Deep political division, violence, a nasty, partisan media. This year we remember the so-called "Secession Winter" of 1861 as the United States fragmented and fell apart in what was the most tumultuous time in our nation's history.
While nothing since has matched it for intensity and the resultant bloodshed, it resonates today where issues like states' and civil rights are fought over in legislatures and the courts, where race is still a great unhealed wound, where Blue and Red states (as opposed to Blue and Gray) squeeze citizens in the ideological middle, where the Constitution and guns are frequently waved.
This year is the sesquicentennial of the Civil War. While most of the politics and fighting happened from the Mississippi River on east, Pacific Northwesterners would do well to use the occasion to review what happened here in the 1850s and '60s, a critical period in the settlement of the region and the formation of Oregon, Washington, and Idaho.
Indeed, Oregon's statehood was hotly debated: Should it be a slave state, or free? The region's newspapers were as nasty as the blogosphere, so virulently vituperative and partisan that such journalism became known nationally as "Oregon style." When a person got to the end of the Oregon trail, they could still be in the thick of things.
War politics helped carve Idaho out of the Washington Territory, which in 1861 consisted of the current states of Washington, Idaho, and large chunks of Montana and Wyoming. It played a role in the birth of Oregon in 1859. As a whole, Oregon Country was remote but still involved in conflicts over slavery, popular sovereignty, territorial rights, and federal control. Many major players in the political conflict and Civil War itself had starring, or at least cameo roles here, especially military men doing frontier service.
Ulysses S. Grant was stationed for a while at Fort Vancouver, where it is said his drinking problems began, in part due to the damp and loneliness. George Pickett, later the Confederate officer famous for Pickett's charge at Gettysburg, a moment called the "high-water mark of the Confederacy," helped hold the San Juan Islands for America against Great Britain during the Pig War. Phil Sheridan, Winfield Scott, and George B. McClellan were also here fighting Indians, surveying road and rail routes, or negotiating agreements.
On the political side, the campaign of 1860 featured the Northwest's first-ever candidate on a national ticket. The southern-born Joseph Lane, first territorial governor then senator from Oregon, was the vice presidential candidate along with presidential candidate John C. Breckinridge, one of the two competing Democratic tickets that year (the other Democratic ticket was headed by Lincoln's rival, Stephen A. Douglas of Illinois).

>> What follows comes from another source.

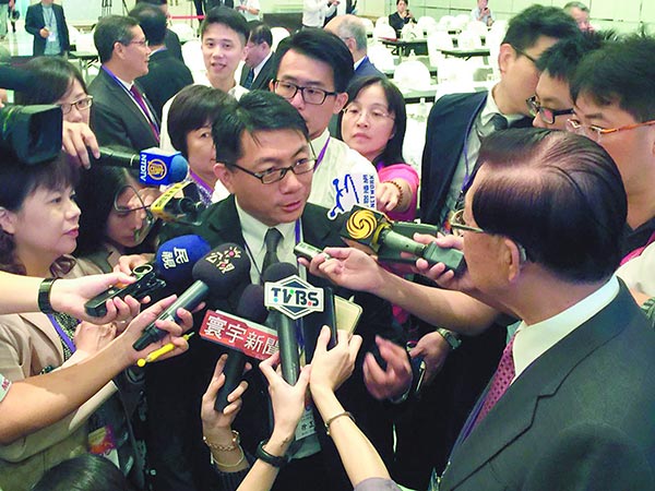 台商会长徐正文“拦截”海基会董事长田弘茂:台湾不承认“九二共识”对台商影响大。 数据图片

The Democratic party had split, mostly north and south, on the subject of the expansion of slavery into the territories. Breckinridge/Lane was the preferred ticket of the South: They won 11 southern states and came in second in the electoral college.
Running that pro-Southern, slavery-friendly campaign was Isaac I. Stevens, Washington's territorial delegate in Congress and the man, more than any other, who is the state's founding father. He served as territorial governor, scouted railway routes, negotiated — sometimes with brutal force — the region's Indian treaties. In 1860, many of the Northwest's leading political actors, our stars on the national stage, were sympathetic with Dixie, not abolitionists or "Black Republicans" like Abraham Lincoln.
Thanks to a divided vote that split Democrats between Breckinridge and Douglas, the young Pacific Coast states of California and Oregon went for Lincoln. Yet the Republican vote did not mean racial enlightenment. Historian Robert Johannsen described the debates over race and slavery in his book Frontier Politics and Sectional Conflict: the Pacific Northwest on the Eve of the Civil War. Oregon's citizens voted to reject slavery by a wide margin, but by an even wider margin they voted to ban all blacks and mulattos, free or slave, from the new state, which joined the union in 1859. Many urged that the Pacific Northwest become an all-white enclave.